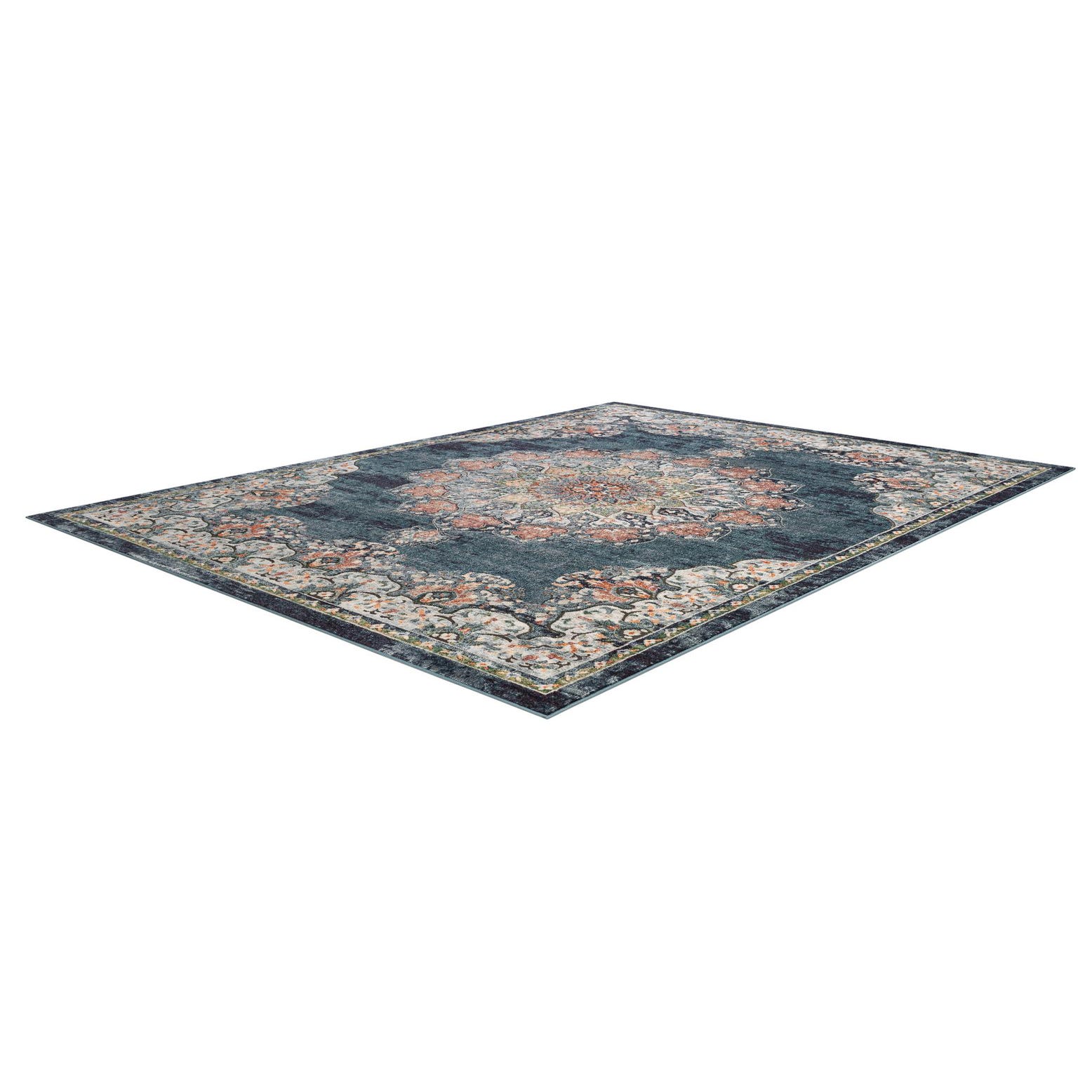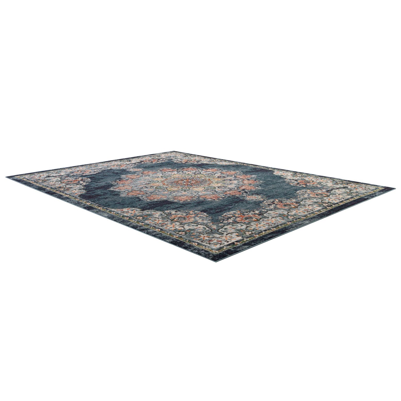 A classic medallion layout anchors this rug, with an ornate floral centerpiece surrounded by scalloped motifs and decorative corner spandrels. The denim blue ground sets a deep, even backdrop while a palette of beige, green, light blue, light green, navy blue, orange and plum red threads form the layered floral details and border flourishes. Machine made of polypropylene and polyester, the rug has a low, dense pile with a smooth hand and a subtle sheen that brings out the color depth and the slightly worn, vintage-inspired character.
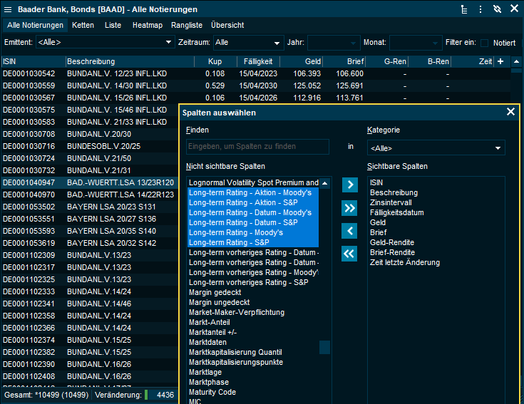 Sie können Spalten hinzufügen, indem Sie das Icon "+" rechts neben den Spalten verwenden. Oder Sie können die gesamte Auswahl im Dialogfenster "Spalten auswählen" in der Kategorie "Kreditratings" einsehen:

== == ==

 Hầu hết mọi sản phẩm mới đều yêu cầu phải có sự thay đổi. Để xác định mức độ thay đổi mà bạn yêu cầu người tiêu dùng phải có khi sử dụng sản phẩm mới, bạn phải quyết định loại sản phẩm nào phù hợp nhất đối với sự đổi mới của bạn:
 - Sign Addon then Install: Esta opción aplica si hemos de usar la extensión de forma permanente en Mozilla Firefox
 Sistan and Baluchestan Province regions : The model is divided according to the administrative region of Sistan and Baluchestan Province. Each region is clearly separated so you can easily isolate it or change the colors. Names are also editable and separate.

== == ==

TASK REQUIREMENTS
Nothing should appear in the answer except the lines above from the line with "Hầu hết mọi" through the line with "Sistan and Baluchestan Province regions", both included, written out exactly.

OUTPUT OF THE EXERCISE
 Hầu hết mọi sản phẩm mới đều yêu cầu phải có sự thay đổi. Để xác định mức độ thay đổi mà bạn yêu cầu người tiêu dùng phải có khi sử dụng sản phẩm mới, bạn phải quyết định loại sản phẩm nào phù hợp nhất đối với sự đổi mới của bạn:
 - Sign Addon then Install: Esta opción aplica si hemos de usar la extensión de forma permanente en Mozilla Firefox
 Sistan and Baluchestan Province regions : The model is divided according to the administrative region of Sistan and Baluchestan Province. Each region is clearly separated so you can easily isolate it or change the colors. Names are also editable and separate.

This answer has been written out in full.